To solve the problem, we need to analyze the given integral and find the function \( f(x) \) such that the range of \( f(x) \) is \([a, \infty)\). We will then determine the value of \( \frac{a}{4} \). ### Step-by-Step Solution: 1. **Start with the given integral**: \[ \int e^x x^2 \, dx = f(x) e^x + C \] 2. **Use integration by parts**: We will apply integration by parts where we let: - \( u = x^2 \) and \( dv = e^x \, dx \) - Then, \( du = 2x \, dx \) and \( v = e^x \) Using the integration by parts formula \( \int u \, dv = uv - \int v \, du \): \[ \int e^x x^2 \, dx = x^2 e^x - \int e^x (2x) \, dx \] 3. **Apply integration by parts again**: Now we need to integrate \( \int e^x (2x) \, dx \): - Let \( u = 2x \) and \( dv = e^x \, dx \) - Then, \( du = 2 \, dx \) and \( v = e^x \) Applying integration by parts again: \[ \int e^x (2x) \, dx = 2x e^x - \int 2 e^x \, dx = 2x e^x - 2 e^x \] 4. **Combine the results**: Substitute back into the equation: \[ \int e^x x^2 \, dx = x^2 e^x - (2x e^x - 2 e^x) = x^2 e^x - 2x e^x + 2 e^x \] Simplifying gives: \[ \int e^x x^2 \, dx = e^x (x^2 - 2x + 2) + C \] 5. **Identify \( f(x) \)**: From the integral, we can identify: \[ f(x) = x^2 - 2x + 2 \] 6. **Determine the range of \( f(x) \)**: The function \( f(x) = x^2 - 2x + 2 \) is a quadratic function.

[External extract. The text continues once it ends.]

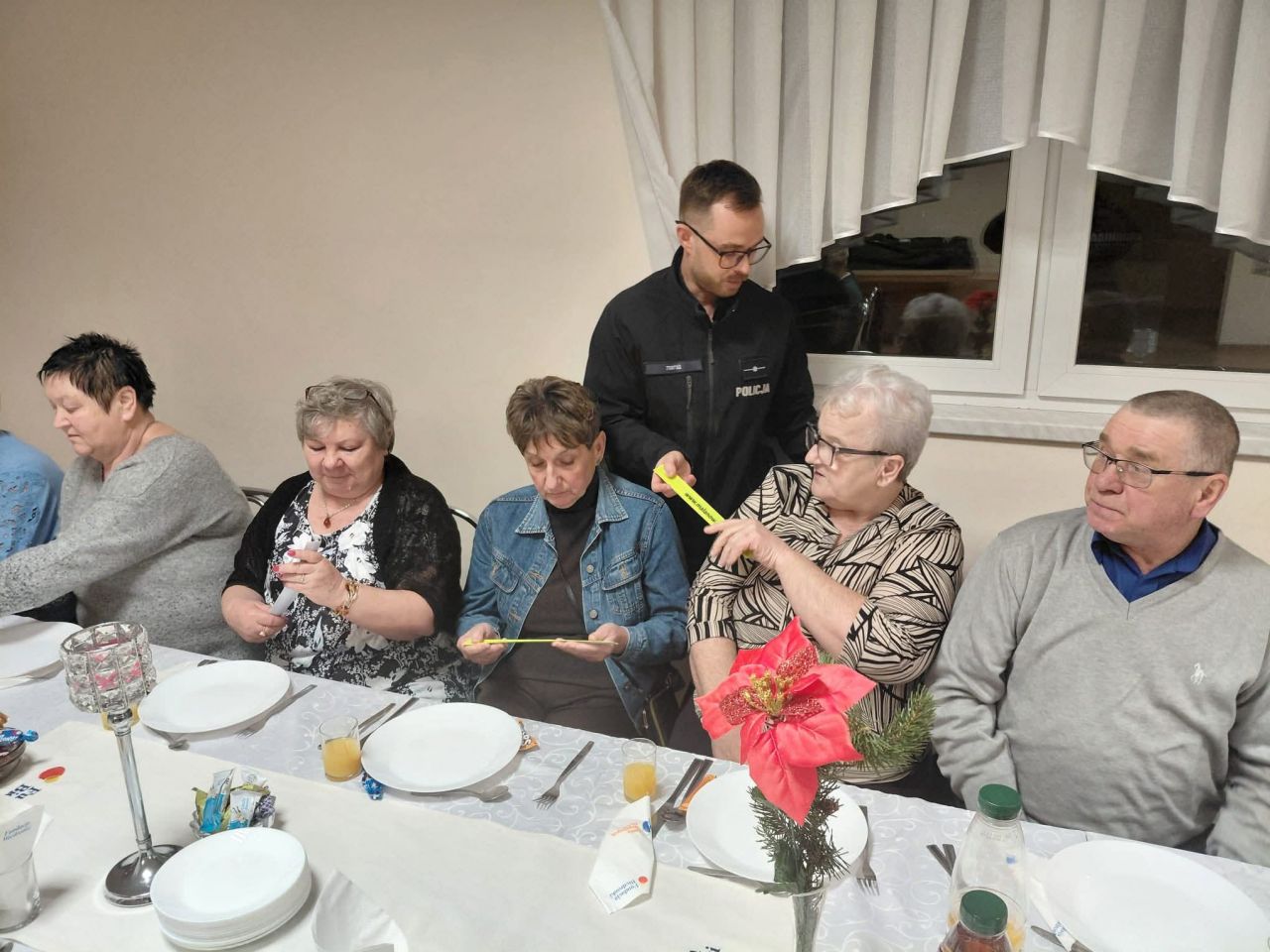 Podczas jednego ze spotkań dzielnicowy z Malanowa rozdał seniorom elementy odblaskowe, przypominając o ich znaczeniu dla bezpieczeństwa pieszych, szczególnie w okresie jesienno-zimowym i po zmroku. Był to dodatkowy element działań profilaktycznych, wykraczający poza temat zagrożeń internetowych.

To find its minimum value, we can complete the square: \[ f(x) = (x - 1)^2 + 1 \] The minimum value occurs at \( x = 1 \): \[ f(1) = (1 - 1)^2 + 1 = 1 \] Therefore, the range of \( f(x) \) is \([1, \infty)\). 7. **Find \( a \)**: From the range \([a, \infty)\), we have \( a = 1 \). 8. **Calculate \( \frac{a}{4} \)**: \[ \frac{a}{4} = \frac{1}{4} = 0.25 \] ### Final Answer: The value of \( \frac{a}{4} \) is \( 0.25 \).